Will we sink into an economic depression? How many more people will die? How many more people will lose their jobs? Will we be able to go back to school in the fall? Going down a rabbit hole can be easy to do, but it is important to avoid this echo chamber of negativity.

We have a responsibility as American citizens to ignore the fear and blame tactics of the media and not make this situation political.

This is not a political issue, this is a human one. Those that want the economy to open don’t want grandma to die, and those who want us to stay shut aren’t trying to neglect the millions of people who have lost their jobs.

Therefore, try to refrain from saying Trump or Evers doesn’t care about us. None of us are going to agree with all of their decisions because this isn’t a simple issue, but we can use this time for the American people to be united instead of divided.

Focus on the positive things that are going on around us by doing things such as:

Instead of looking at the latest comment from our politicians, go outside and look at the sidewalk chalk drawings from all of the little kids in the neighborhood, thanking those on the front lines for their hard work.
Wave to all the people young and elderly alike going for a walk with their families, wearing homemade face masks made by the next door neighbor who dropped them off from six feet away.
Look at all the fundraisers that have been started and the examples of communities that are coming together to help each other out.
Have hope that we are more than the R or D next to the name of the person we vote for.

Yes, this time is scary. Yes, it’s affecting our mental health. Yes, it’s hard not seeing our friends. Yes, our families might be driving us crazy.

This time of isolation is hard for everyone, but remember these times of struggle and isolation because we can use this as an opportunity to deepen our gratitude.
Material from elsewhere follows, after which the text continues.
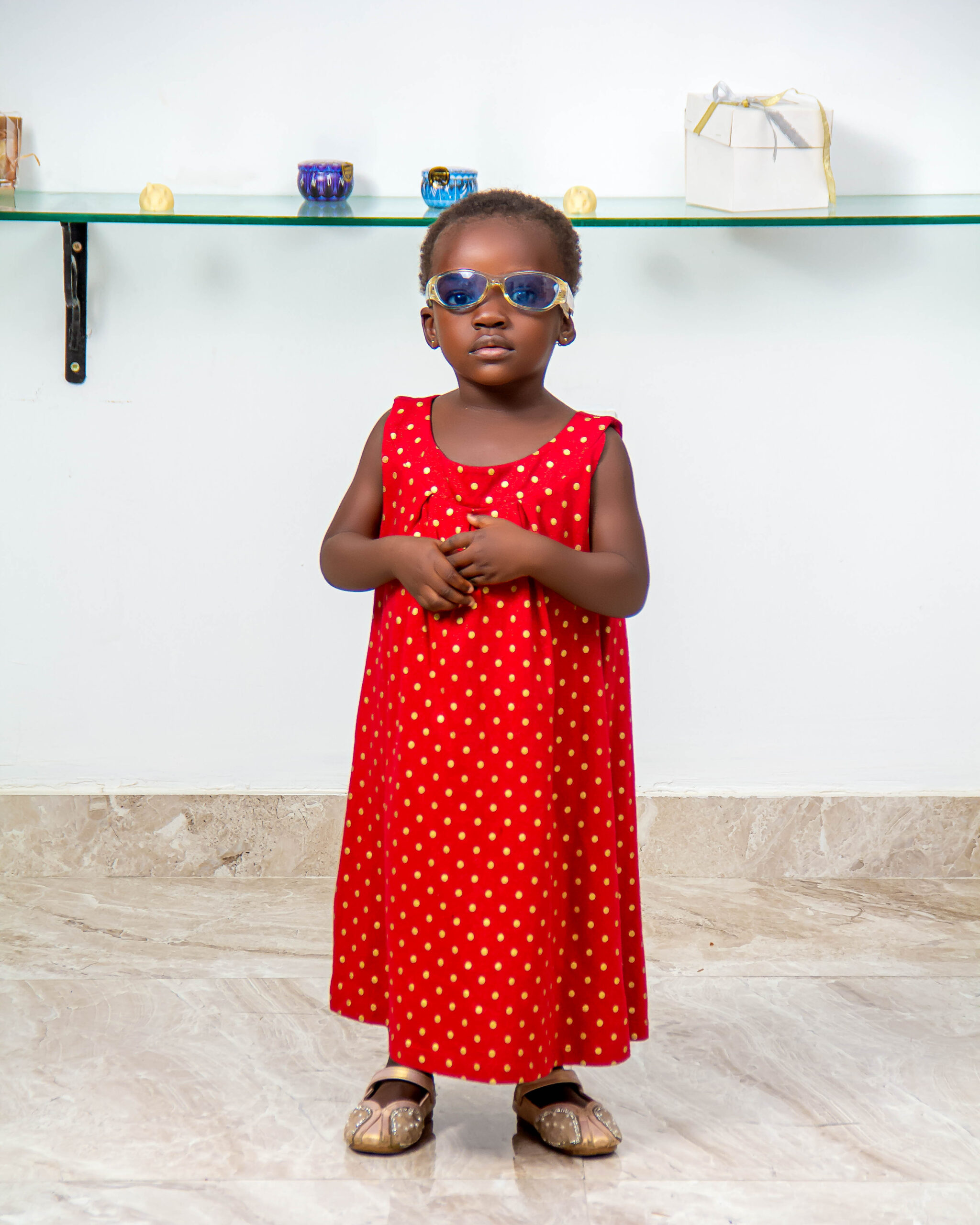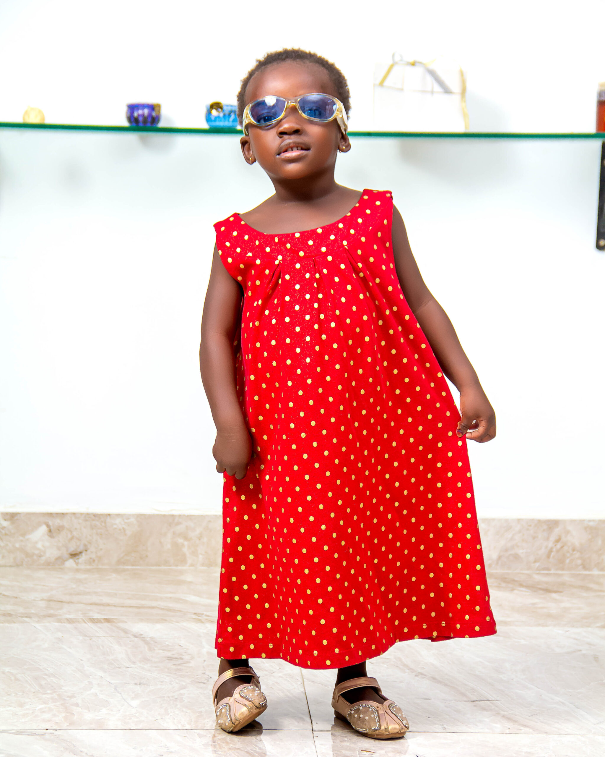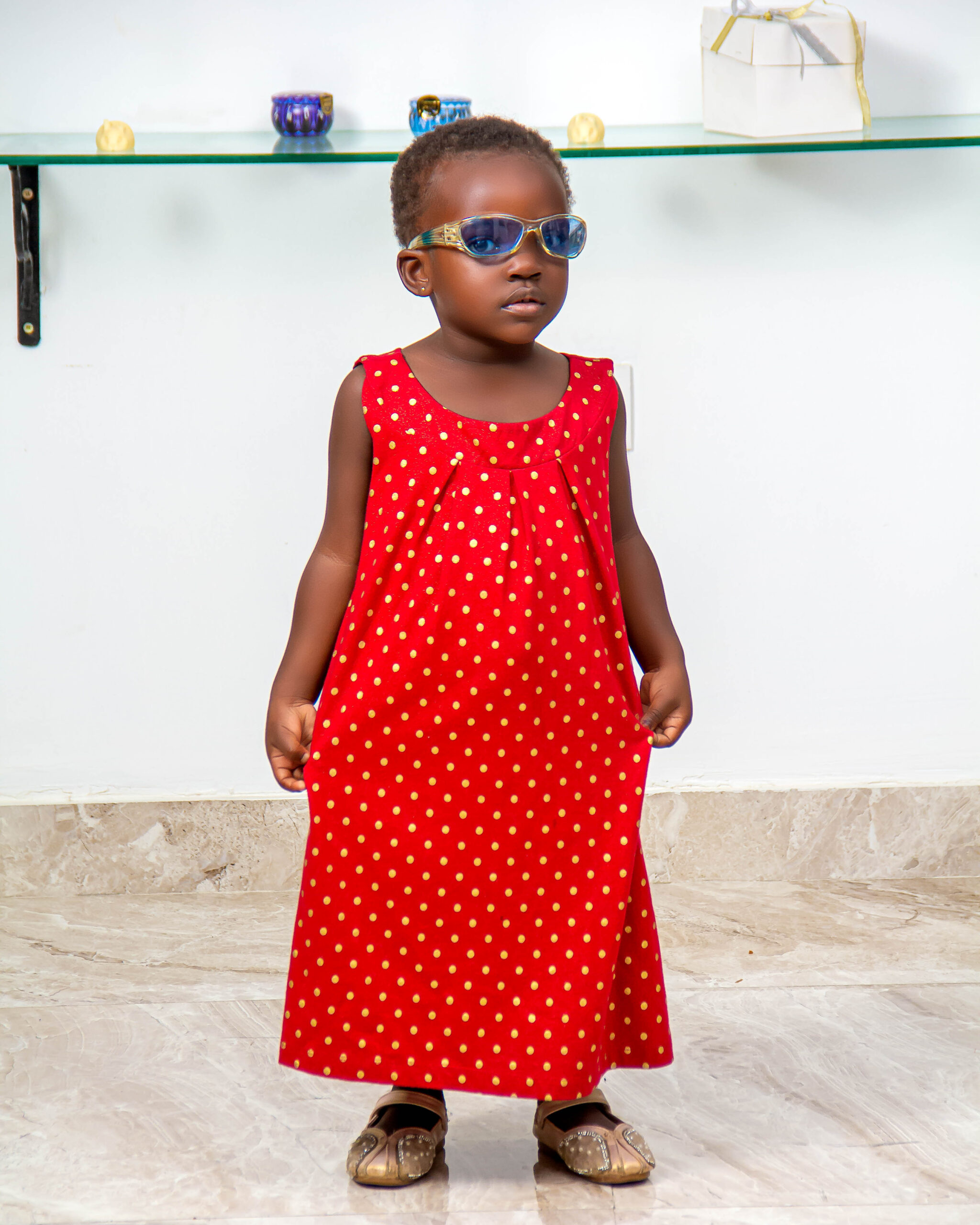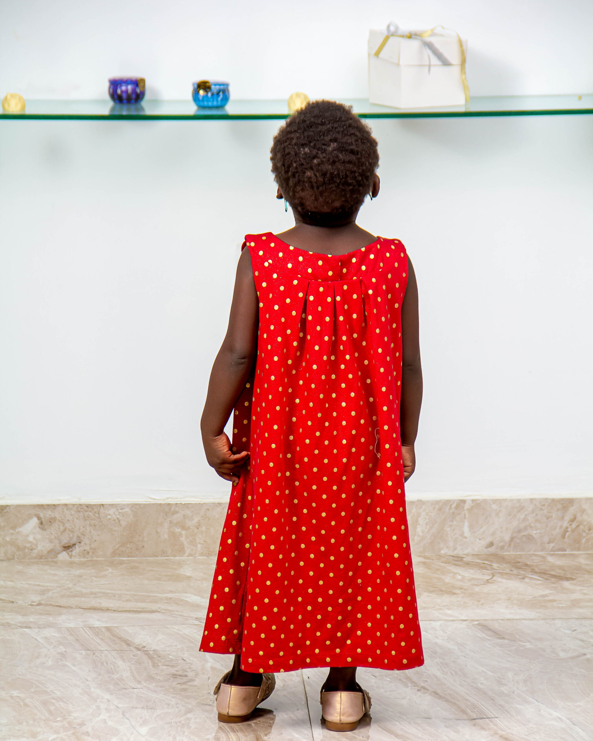 RED SPANDEX A-LINE SLEEVELESS GIRL DRESS WITH GLAZED GOLD SPOTS WITH TINY PLEAT NECK DEATIL& BACK BOTTON

When we finally can see our friends again, we can give them the biggest hug and make sure we dont let ourselves forget how grateful we are for them.

Don’t take for granted when you get to be at a crowded restaurant, a packed baseball game, or a long line at the grocery store. Those all seemed annoying before they were taken away, but what would we give to have that back right now? Remember these times of suffering, so that we will appreciate the simple joys of life.